Reviews and occasional notes on classical music

Reviews and occasional notes on classical music

"Music, both vocall and instrumental, so good, so delectable, so rare, so admirable, so super excellent, that it did even ravish and stupifie all those strangers that never heard the like." - Thomas Coryat, after hearing 3 hours of music at the Scuola di San Rocco in Venice, 1608.

Saturday, August 20, 2016

Community and nature as art form

In December 1967 CBC Radio broadcast Glenn Gould's radio documentary Idea of North, the first of three "contrapuntal pieces for radio" that made up what he referred to as his Solitude Trilogy. These works should be considered not only musical compositions in themselves, argues Friedemann Sallis in an important article, but also as important part of Gould's performance legacy.

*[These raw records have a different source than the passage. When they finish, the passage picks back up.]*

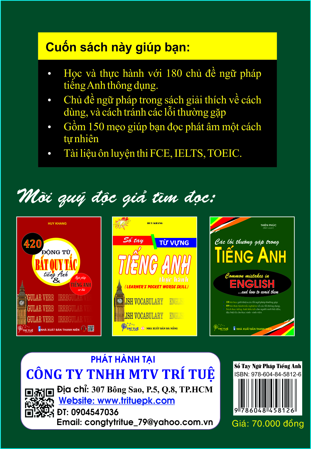 Để đáp ứng nhu cầu học tiếng Anh ngày càng nâng cao của học sinh, chúng tôi phát hành cuốn NGỮ PHÁP TIẾNG ANH (dành cho học sinh), một ấn bản được biên soạn dựa
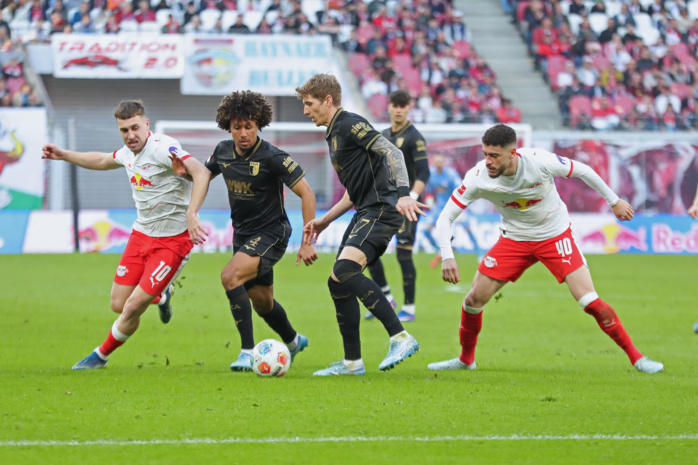 Dank eines späten Eigentors hat RB Leipzig am Samstag sein Bundesliga-Heimspiel gegen den FC Augsburg mit 2:1 gewonnen. Die Gäste waren in der ersten Halbzeit in Führung gegangen. Diomande schoss für Leipzig in der 76. Minute den Ausgleich. In der Nachspielzeit sprang der Ball von der Brust eines Augsburgers ins eigene Tor, sodass sich rund 40.000 Zuschauer*innen noch über einen späten Heimsieg freuen durften. Leipzig bleibt auf Platz 5 der Tabelle.
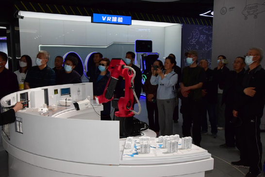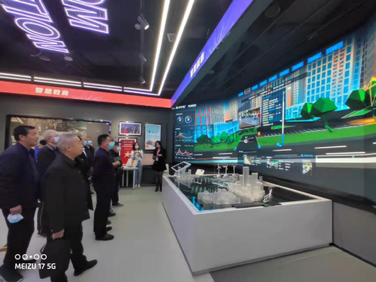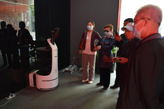 机器人“小五”首先带领大家来到“智慧城市”专区,通过多媒体智慧城市沙盘体验、LED虚拟屏讲解方式,让老人们体验到未来城市、未来社会的便利化水平。
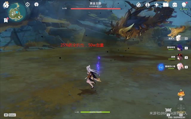 简介:低级的就不说了,就说下93的黄金王兽差不多50w生命值,比雷音权杖会低些,并不算血量很高的boss,但是它的抗性相当高,全属性抗性都达到了25%,所以打它时会感觉dps弱了一些。 不过这boss本身没有什么全免属性,哪怕使用岩属性角色打也是可以的。 总结 熟悉机制后还是挺好打的,对于练度足够的55级以上老玩家基本可以做到1分钟左右击败该boss,打这boss唯一需要注意的就是尽量别被打到,被打到的次数越多,流血buff的累积层数也会越高,掉血也就越快了,而且还是全队一起掉血。 本次分享游戏《原神》攻略。 |
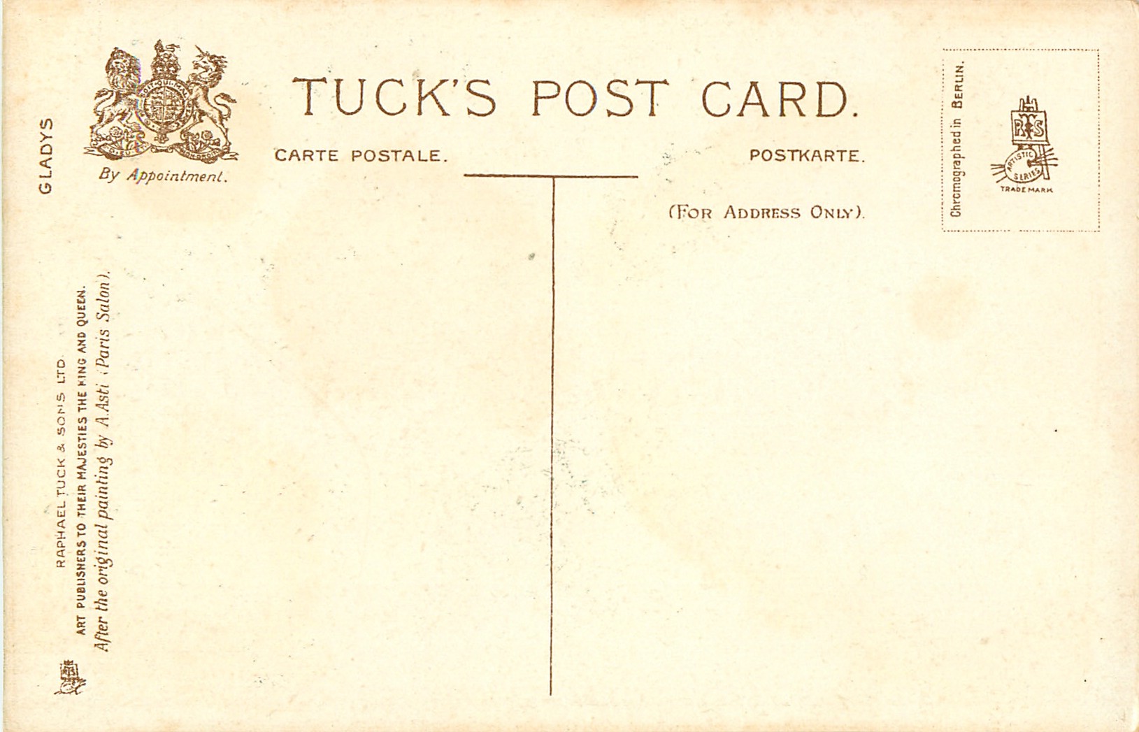 CHROMOGRAPHED IN BERLIN, AFTER THE ORIGINAL PAINTING BY A. ASTI (PARIS SALON)., these images were used widely by Tuck, see "artist"

In this tradition comes Aleksandra Vrebalov's The Sea Ranch Songs with the Kronos Quartet, to be released on September 30, 2016. "The production of place in music" is Sallis's subtitle, and that's what Vrebalov has created, in collaboration with videographer Andrew Lyndon. I haven't yet had a chance to see Lyndon's video, so I've experienced only the audio portion of this project, which certainly underlines the connection with Gould. Vrebalov brings the same passion to this portrait of a community, the same overlapping voices and natural and man-made sounds, that come together with all of the sounds of a string quartet (and what a string quartet!) to etch the place in our minds as something rare and special.  And Sea Ranch, on the Pacific Coast in Sonoma County, is clearly a special place.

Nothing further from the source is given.